Eric Reinhardt: L'AMOUR ET LES FORETS


Prix Renaudot des Lycéens, prix roman France Télévision, ce roman est sorti en juin 2014.
Ce qu'en dit la presse:
"L'amour et les forêts est une descente aux enfers que l'auteur conte par le menu. Un morceau de bravoure, un récit puissant, Frédérique ROUSSEL.  Libération
"Eric Reinhardt se révèle bouleversant arpenteur des douleurs de l'esprit", Fabienne Pascaut, Télérama

Ce roman , mais est-il un roman?
On dirait le témoignage, écrit par un auteur et publié post mortem, d'une femme victime, comme tant de femmes, hélas, de la perversité d'un conjoint malade, qui a mis en place un lent et inexorable processus de destruction.

L'auteur, se rend à un rendez-vous avec une lectrice après avoir reçu d'elle deux intéressantes  pages de commentaires personnels sur son dernier livre.
Petit à petit, Bénédicte Ombredanne, va se révéler et le faire témoin de sa vie.
A la terrasse d'un café, elle lui raconte sa folle journée de rébellion, deux ans plus tôt, et sa descente aux enfers qui a suivi, aux côtés d'un mari pervers.
L'écriture est sublime, et l'auteur réussit à nous accrocher, malgré la pesanteur des trente premières pages, d'un bloc, parfois lourdes à soutenir...mais l'auteur est devant nous attablé face à Bénédicte Ombredanne, on est derrière lui, tel un spectateur fantômatique qu'il n'ignore pas, et il réussit à se laisser glisser, de sa chaise, petit à petit pour nous laisser, imperceptiblement prendre sa place. De spectateur invisible, derrière la vitre sans tain, il s'efface devant la présence curieuse du  lecteur.Petit à petit,  on oublie l'auteur et le narrateur qui recueille le récit de cette femme. A un moment, on ne sait plus qui parle. Ce n'est plus lui, à la première personne, masculin singulier, c'est elle, féminine, singulière, et on remonte les pages pour savoir à quel moment il a réussi cette prouesse, de nous embarquer avec lui, sur sa chaise, à cette table de café. Et est ce que ce n'est pas une perfidie? Comme on se le demande pour Bénédicte Ombredanne.
Quelle perfidie de ne pas permettre qu'on lâche cette histoire, poignante, enivrante, terrifiante, angoissante, jusqu'au bout. Jusqu'au bout, avec lui, nous, allons participer à cette lente et inexorable destruction .
Combien de femmes ont raconté leurs calvaires avec des maris destructeurs, et ce roman, n'en semble pas un, tellement ces vies de femmes ont le même point commun.
  Néanmoins, Bénédicte Ombredanne, qui, en apparence ne parvient pas à échapper aux perfidies lancinantes et de plus en plus destructrices de son malade de mari, trouve le moyen d'exister  en son rêve, son imaginaire, ce qui est plus fort que la réalité dévastratrice et dont elle sait qu'elle ne finira qu'avec sa mort.

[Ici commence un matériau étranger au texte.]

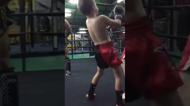 Саша 8 лет на тайском боксе
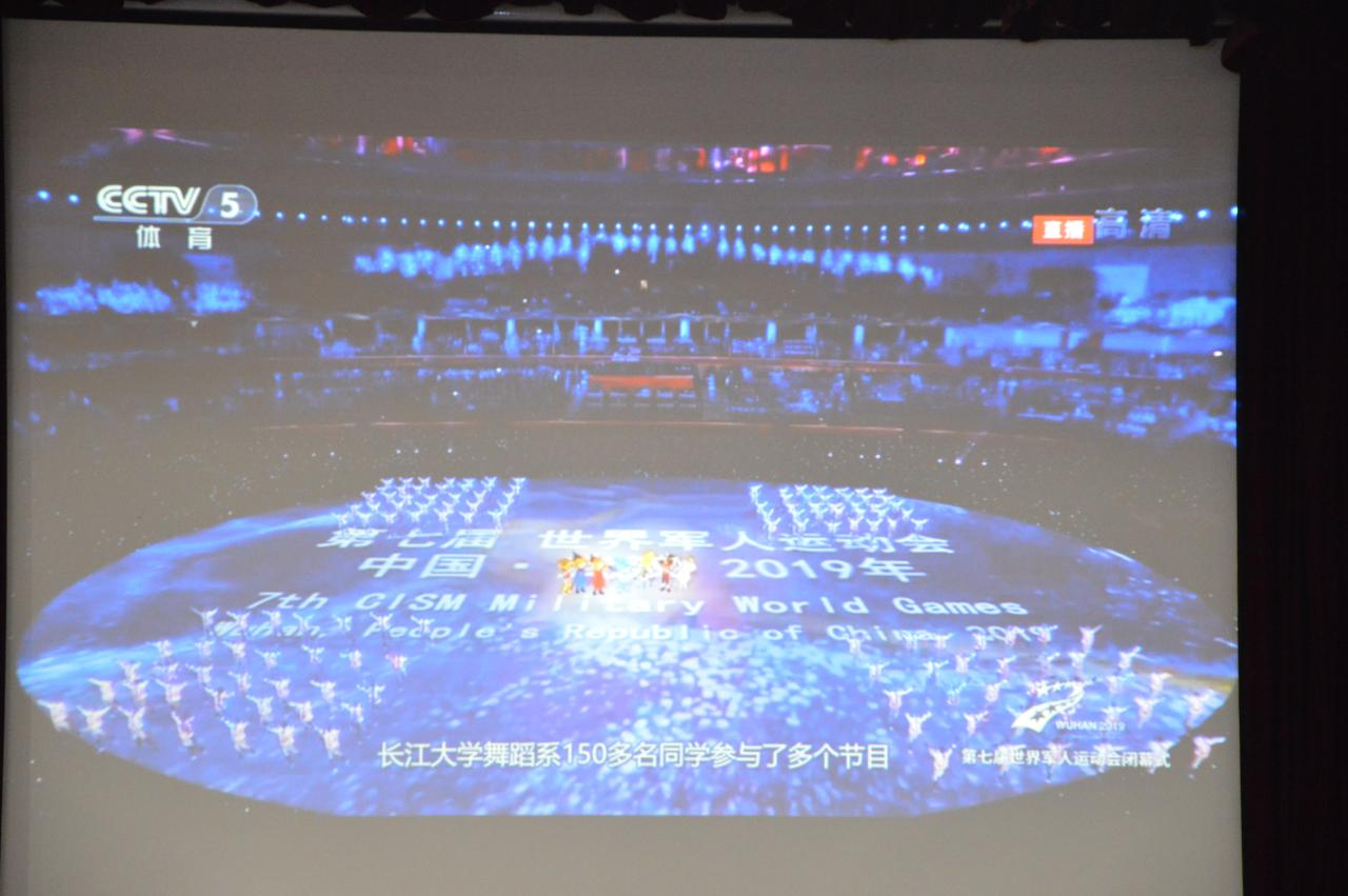(通讯员:陈渊宇) 在湖北省武汉市举办的第七届世界军人运动会早已落下帷幕,而在精彩绝伦的闭幕式演出中,十个节目有九个都是由我院舞蹈系的150名学子参与完成的。为对他们进行表彰,我院于2019年11月15日下午2点半在英国365网站东校区十一教报告厅举行了365英国上市公司第七届世界军人运动会闭幕式演出事迹分享暨表彰大会。莅临本次大会的领导和嘉宾有英国365网站党委副书记、纪委书记蒋光忠、团委副书记秦良斌、365英国上市公司党委书记王学峰、副院长马春明、彭琛、舞蹈系全体老师、辅导员,以及参与本届军运会闭幕式演出的150名舞蹈系的同学们。
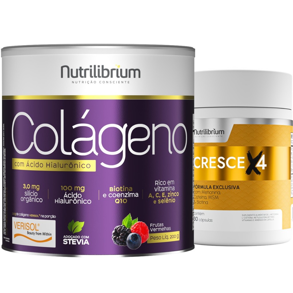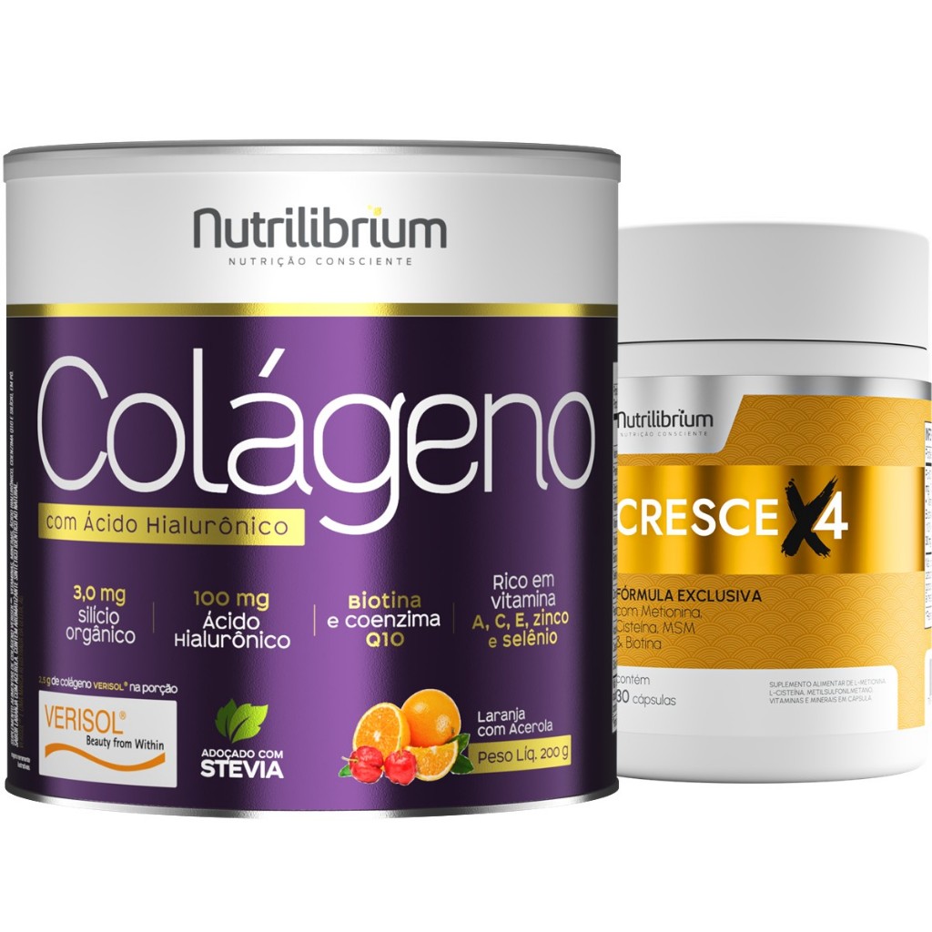 Colágeno Verisol Ácido Hialurônico 200g + Cresce X4 30 Caps Nutrilibrium
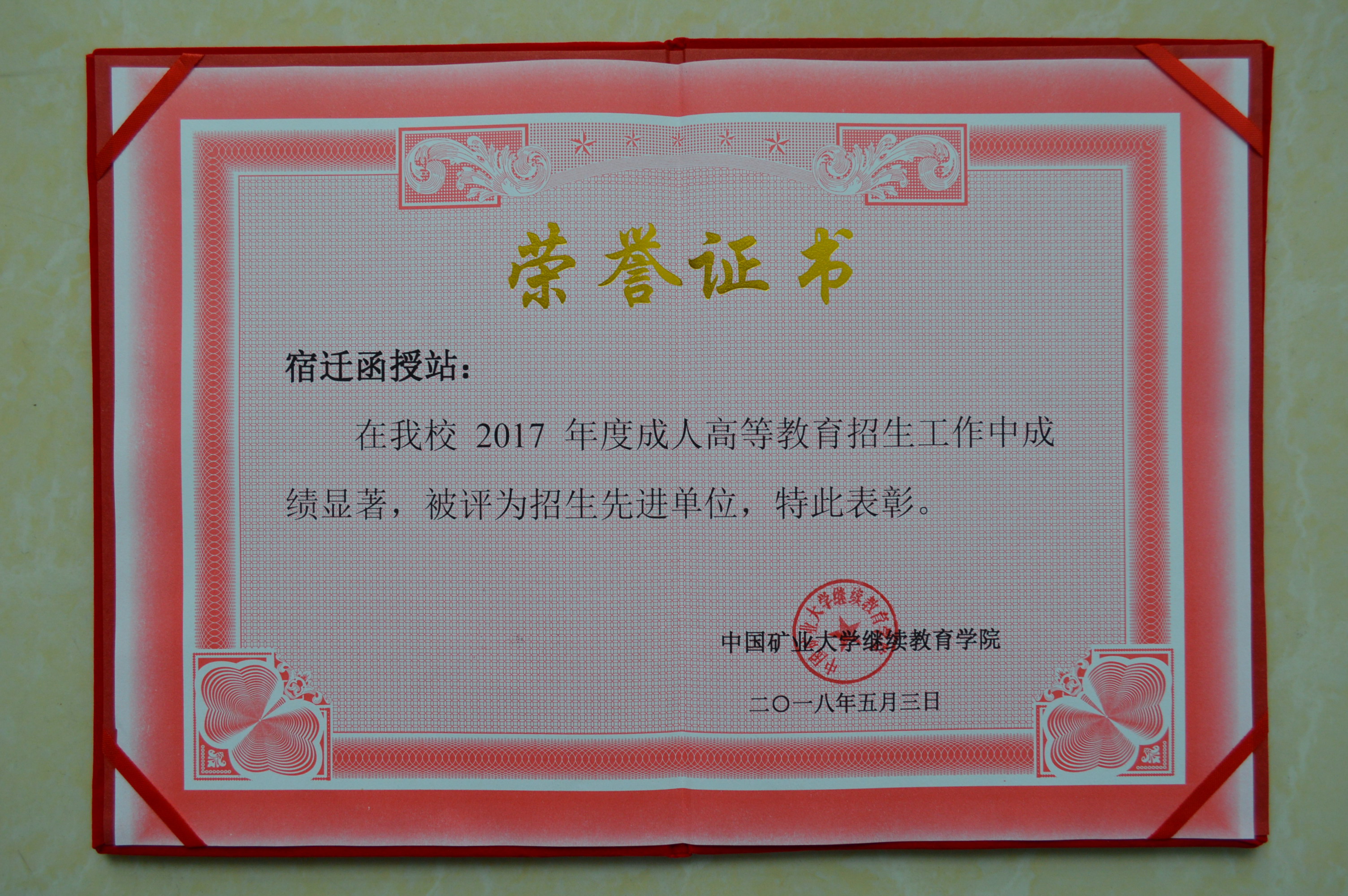 这是我院与中国矿大合作办学以来首次获此殊荣,我们将以此次获得的荣誉为新的起点,根据中国矿业大学 “依法办学、规范管理、提高质量”的指导思想,进一步完善各项管理制度,创新管理工作模式,确保函授教育工作健康稳定发展,使我院的成人教育工作再上新台阶。
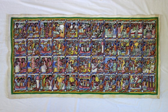 Peinture éthiopienne naïve à l'huile sur toile représentant l'histoire biblique traditionnelle de la Reine de Saba et du Roi Salomon. Elle est composée de 44 petits panneaux, chacun racontant la célèbre histoire du point de vue du peintre éthiopien. Chaque panneau comporte également une description en amharique.
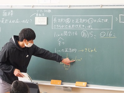 1㎠の大きさが長方形では15個、正方形では16個になるから・・・。
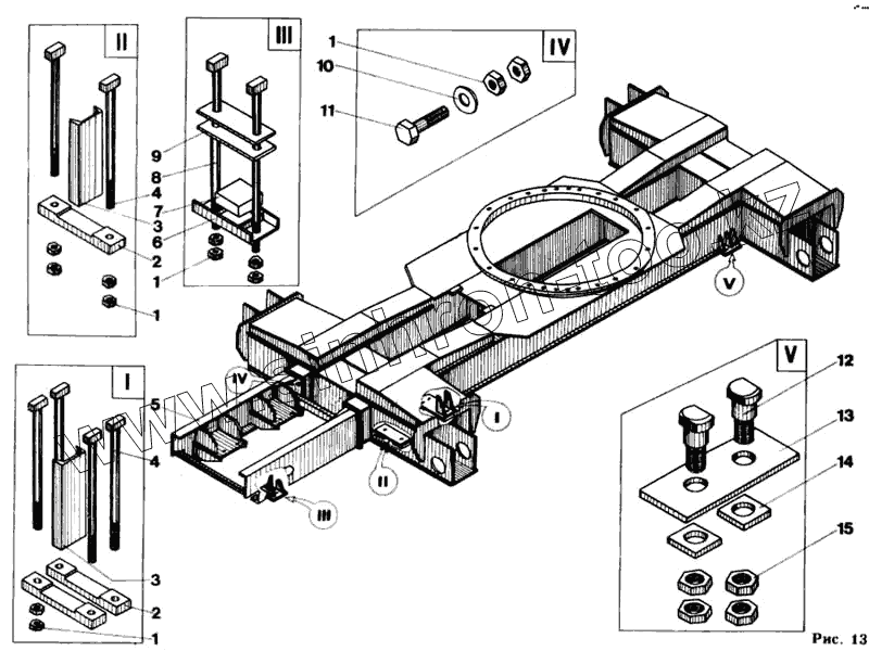 Каталог запасных частей к технике: Автокран КС-4562. Установка рамы
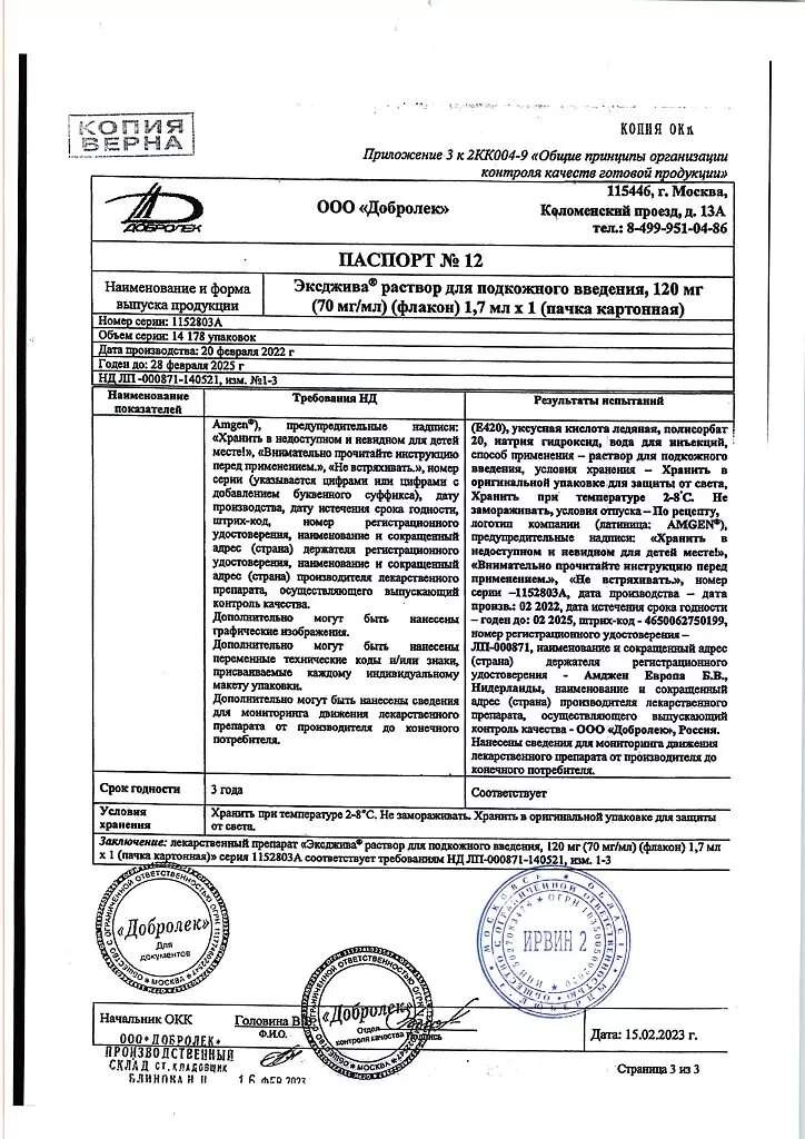 Особые указания. Препарат рекомендуется вводить иглой для однократного применения 27-калибра. Чтобы избежать дискомфорта в месте введения, следует согреть раствор Эксджива до комнатной температуры перед инъекцией.
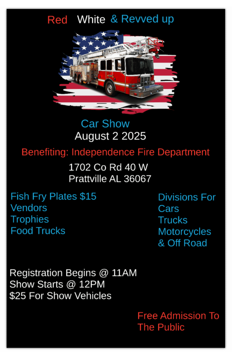 On Saturday, August 2, 2025, we’re hosting our “Red, White & Revved Up” Car Show and Fish Fry at 1702 County Road 40 West in Prattville. This event is both a celebration of community and a crucial fundraiser to support our department’s emergency services.
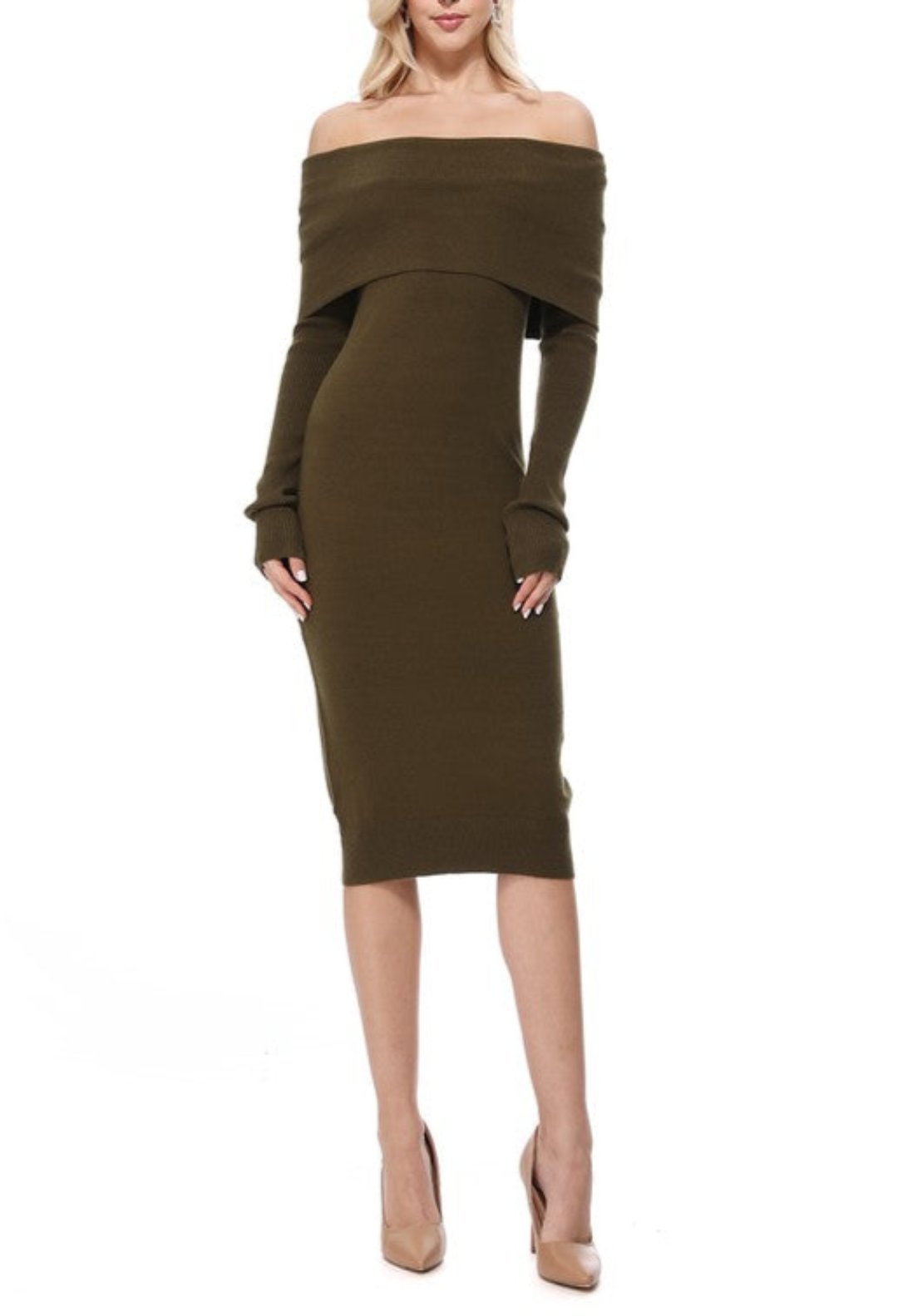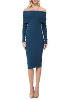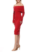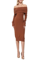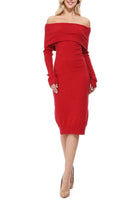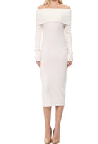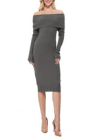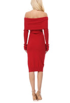 Off Shoulder Long Sleeve Slim Fit Midi Knit Dress

Dans la seconde partie du récit, Eric Reinhardt prète au roman  une couverture plus psychanalytique des personnages: le vécu de chacun est passé au divan, et à cet endroit, encore, Eric Reinhardt échange les places: c'est pourtant lui qui est allongé sur celui de l'esthéticienne, alors que c'est elle qui raconte. Nous qui écoutons, lui qui se relève, elle qui se penche, l'importance des places est à  prendre en compte.
On remarquera, aussi, que l'auteur ne nomme jamais son héroïne autrement que Bénédicte Ombredanne.
On peut s'interroger sur ce choix. Respectant, de ce fait, son choix à elle d'être femme mariée, en la nommant sous son identité civile, sous prétexte de la montrer entière, souligne, en réalité, la révélation  que cet état  n'est que  la partie visible de sa personne. Alors, choisir de nous donner  le récit de ses fantasmes, de son amour et de ses forêts, les plus sombres comme les plus féeriques, la restitue complètement, elle-même, dans ce qu'elle a de plus profond, n'est-ce pas l'empêcher de mourir?

Eric Reinhardt, qui se met en scène, en tant qu'auteur, ponctue sur la place essentielle de l'imaginaire dans nos vies et dans la rébellion possible quand le quotidien ne permet aucune évasion.
C'est donc, finalement, la révélation  post mortem du récit de Bénédicte Ombredanne qui la rend plus vivante.